By Jonathon Van Maren

My phone buzzed early in the morning. It was a message from Darina Rebro, a Ukrainian journalist who writes for Christians for Ukraine and The European Conservative. “If you have Frodo’s phone number, please let him know the ring was supposed to be destroyed 7 days ago,” she joked. Darina is currently in Kyiv, which (at the time of writing this) is under siege by Vladimir Putin’s Russian forces. Despite this, as refugees pour through the border, many of those who chose to stay in Ukraine have managed to retain both their faith and their sense of humor.

Darina Rebro was born and raised in Kyiv, and she says it was a shock when it became clear that Putin intended to invade all of Ukraine rather than just the Crimea.
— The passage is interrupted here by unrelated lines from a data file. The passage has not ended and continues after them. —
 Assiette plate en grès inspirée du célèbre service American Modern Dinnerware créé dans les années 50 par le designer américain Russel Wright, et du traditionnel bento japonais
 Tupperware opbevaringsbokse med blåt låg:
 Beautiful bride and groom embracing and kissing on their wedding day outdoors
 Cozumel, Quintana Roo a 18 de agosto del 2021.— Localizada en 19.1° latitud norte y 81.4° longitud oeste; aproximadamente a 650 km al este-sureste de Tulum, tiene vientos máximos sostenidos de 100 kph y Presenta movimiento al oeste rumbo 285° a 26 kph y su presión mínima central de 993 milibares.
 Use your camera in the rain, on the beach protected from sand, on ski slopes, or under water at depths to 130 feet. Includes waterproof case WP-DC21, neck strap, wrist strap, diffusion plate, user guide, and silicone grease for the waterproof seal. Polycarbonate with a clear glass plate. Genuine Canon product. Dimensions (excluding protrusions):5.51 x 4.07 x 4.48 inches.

The first morning of the war, her father woke her to tell her that there had been shelling a few metro stations away. While some chose to leave the city, Darina and her parents—both physicians—decided to stay, “because we strongly believe as Christians, we should be where the problem is. If God put us in the city and He let this situation happen, it is not because He wanted to immediately get us out. It’s because He wanted us to be helpful to our neighbors in this time.”
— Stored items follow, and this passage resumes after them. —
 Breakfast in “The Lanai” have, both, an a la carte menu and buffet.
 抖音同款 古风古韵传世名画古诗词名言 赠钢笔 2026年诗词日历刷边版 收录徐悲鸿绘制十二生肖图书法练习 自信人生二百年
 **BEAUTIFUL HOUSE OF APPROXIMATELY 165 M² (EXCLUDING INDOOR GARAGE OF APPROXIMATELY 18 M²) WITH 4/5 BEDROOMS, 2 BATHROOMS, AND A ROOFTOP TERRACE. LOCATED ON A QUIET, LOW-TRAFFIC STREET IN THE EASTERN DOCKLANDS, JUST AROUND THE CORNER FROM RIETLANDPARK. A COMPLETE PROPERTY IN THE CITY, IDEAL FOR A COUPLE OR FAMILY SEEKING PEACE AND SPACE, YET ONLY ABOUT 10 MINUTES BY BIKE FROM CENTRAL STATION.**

“It’s our motherland. I am who I am because I am Ukrainian,” Darina told me. “My mentality is shaped by the nation I grew up in. If my mother is assaulted and hurt by bandits, how can I leave her? How can I forgive myself after that?” Additionally, her grandparents are simply too old to leave. “They became fatalistic,” she said. “‘Go, leave us here to die.’ We told them: ‘You did not raise us this way. It’s your problem. You should have raised us to be selfish if you wanted us to leave.’”
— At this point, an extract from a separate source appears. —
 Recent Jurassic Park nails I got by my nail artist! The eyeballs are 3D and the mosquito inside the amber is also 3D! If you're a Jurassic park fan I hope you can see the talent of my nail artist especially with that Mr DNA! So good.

Martin Iden, a Ukrainian who returned from Poland to fight for his country, has similar convictions. He has a vlog on YouTube where he discusses psychology, sociology, philosophy, and the history of ideas; now it has all become very real. Seeing the invasion of his country, Iden felt that he could not sit by. “If there is any meaning, it is in becoming someone who says how it should be, how it is right to be, taking the responsibility that is not to be refused,” he told me. “Because if I merely sit and observe what is going on, then in ten, twenty, forty years I will be on my deathbed—and what then? You can write ‘shit’ on my forehead with big letters, because it will be an objective evaluation of my life and convictions.”

Many civilians have taken up arms in national defense, identifiable by yellow tape on their shoulders (Darina says that with her eyesight, she’d likely shoot the wrong person if she accepted a gun). Those in Kyiv hear shelling, shooting, and sirens—bombs can be heard inside the shelters. “When the siren goes, it feels like you are part of some creepy game and you don’t know who will die, where there will be shelling, where they’re going to bomb,” Darina told me. “All you can do is just sit where you are and pray and hope that you are not the one who will die after the shelling. It is very scary. You immediately want to hide, to be in a completely different place.”